Lori A. Leslie, MD, director, Indolent Lymphoma and Chronic Lymphocytic Leukemia Research Programs, John Theurer Cancer Center, assistant professor, Hackensack Meridian School of Medicine, discusses the efficacy and safety of second-line axicabtagene ciloleucel (Yescarta; axi-cel) in elderly patients with high-risk, relapsed/refractory large B-cell lymphoma (LBCL).

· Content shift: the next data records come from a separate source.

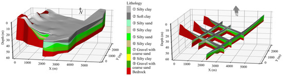 Kriging interpolation is widely used in geological and geotechnical assessments considering both the distance and degree of variation between known data points when estimating values in unknown areas [43,44]. In order to create the 3D geological model attributed with the data of geotechnical indicators c, φ, k, the geostatistical method (Kriging) is employed to interpolate geotechnical test data onto the 3D geological structure model. Considering the significant differences in engineering properties between cohesive soil and sandy soil, it is not appropriate to perform a unified interpolation of their geotechnical parameters. Therefore, for cohesive and sandy soils, the lower boundary interfaces are divided into upper and lower parts, and attribute interpolation calculations are conducted independently for each part.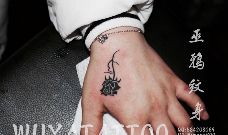 • 手背潮流时尚的玫瑰花眼睛纹身图案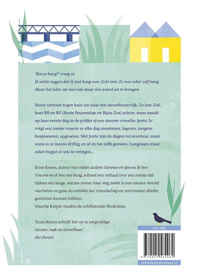 Marie verhuist tegen haar zin naar een nieuwbouwwijk. Ze laat Zoë, haar BB en BZ (Beste Buurmeisje en Bijna Zus) achter, maar maakt op haar eerste dag in de polder al een nieuwe vriendin: Jente. Er volgt een zomer waarin ze elke dag zwemmen, logeren, jongens bespioneren, opgroeien. Met Jente zijn de dagen vol avontuur, maar soms is ze ineens driftig, en af en toe zelfs gemeen. Naarmate de zomer vordert, begint er iets te wringen bij Marie. Moet je elkaar altijd kunnen vertrouwen, zoals ze Zoë vertrouwde, of kan vriendschap ook heel anders zijn?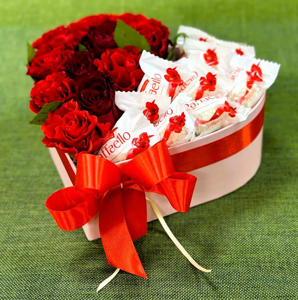 Шляпная коробка в виде сердца — это не только изысканный подарок, но и символ истинной любви и заботы. Наполненная свежими розами, она создает неповторимую атмосферу романтики и нежности. Розы, олицетворяющие страсть и восхищение, прекрасно дополняются изысканными сладостями Rafaello, которые добавляют моменту особую сладость и тепло.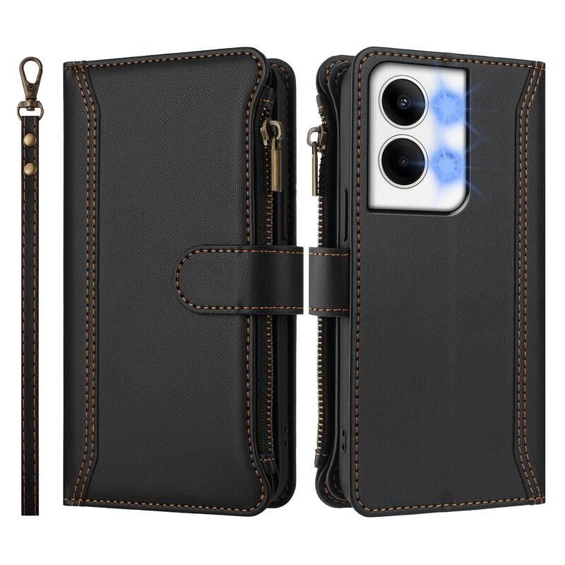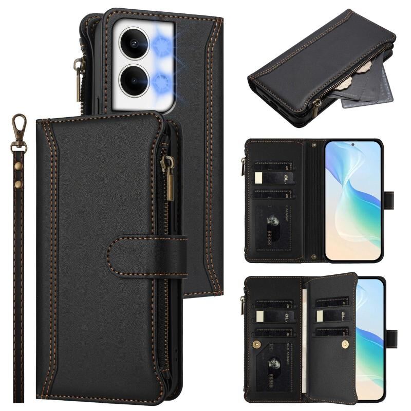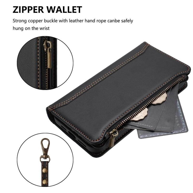 Για OPPO Reno9 5G / 9 Pro 5G Μαγνητικό Κλείσιμο 9 Θήκες Κάρτας Δερμάτινη Θήκη με Φερμουάρ και Λουρί Χεριού (Μαύρο)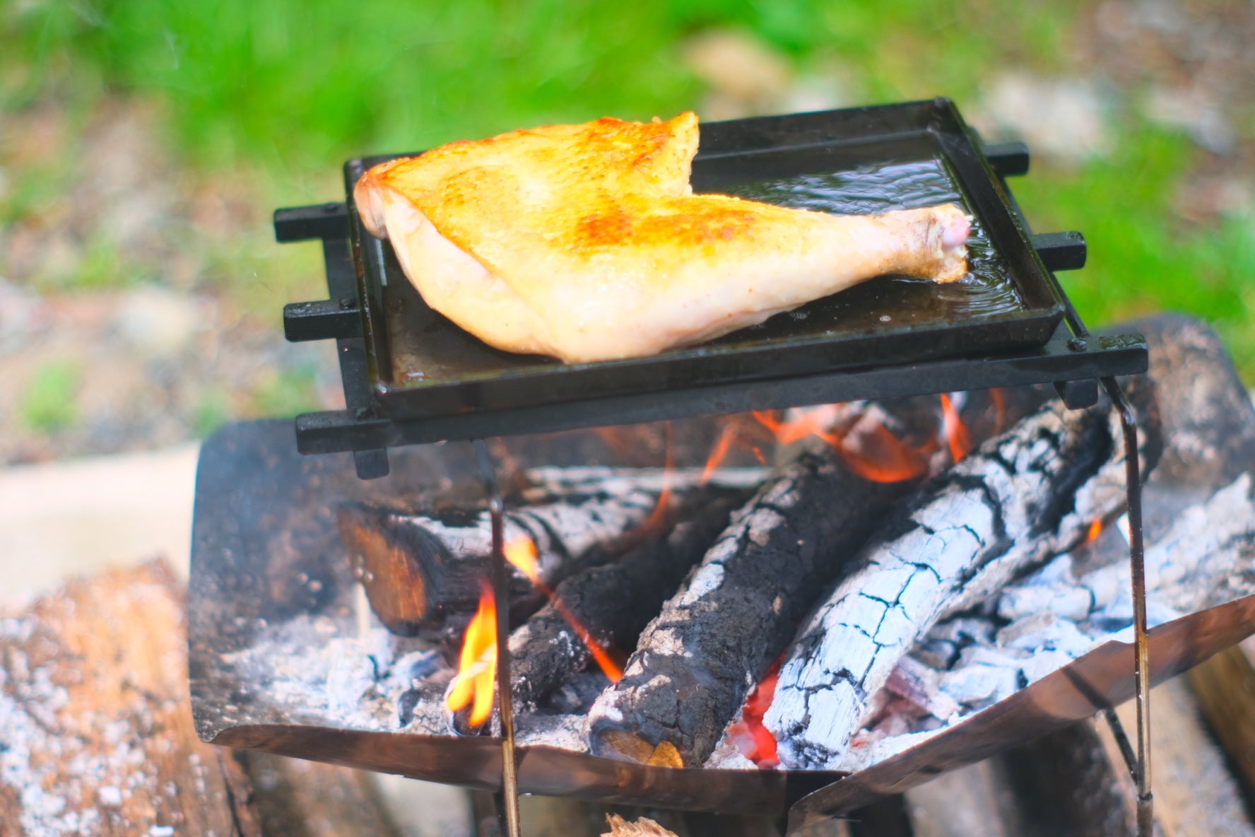 キャンプで焼き、蒸し、揚げの3つの調理に使える鉄板、その名を「三ツ星鉄板」の誕生です!

At the 2023 ASH Annual Meeting, investigators presented findings from a subgroup analysis of patients 65 years of age or older from the phase 3 ZUMA-7 trial (NCT03391466), Leslie begins. In this global trial, patients who had refractory LBCL and had relapsed within 12 months after initial chemoimmunotherapy were randomly assigned 1:1 to treatment with axi-cel or conventional therapy. In the standard-of-care (SOC) arm, patients who responded to chemoimmunotherapy subsequently underwent treatment with high-dose chemotherapy with autologous stem cell transplantation.

Results demonstrated that axi-cel produced statistically significant and clinically meaningful benefits in overall survival (OS) and progression-free survival (PFS) vs SOC treatment in this population, Leslie reports. Overall, patients treated with axi-cel experienced a median OS of43.5 months (95% CI; 20.9-not evaluable [NE]) compared with 19.5 months (95% CI; 12.3-NE) in the SOC arm (HR, 0.691; 95% CI, 0.401-1.190). Moreover, the median OS with axi-cel in patients aged 70 years or older was 24.7 months (95% CI; 12.8-NE) vs 11.2 months (95% CI; 6.1-NE) with the SOC (HR, 0.330; 95% CI, 0.135-0.809).

Similarly, the median PFS in patients 65 years of age or older was 28.6 months (95% CI; 5.1-NE) with axi-cel and 5.0 months (95% CI; 2.8-7.3) with the SOC (HR, 0.406; 95% CI, 0.230-0.715). In patients 70 year of age or older, axi-cel elicited a median OS of 11.4 months (95% CI; 4.1-NE), and the SOC produced a median OS of 2.7 months (95% CI; 1.7-5.0; HR, 0.206; 95% CI, 0.078-0.547).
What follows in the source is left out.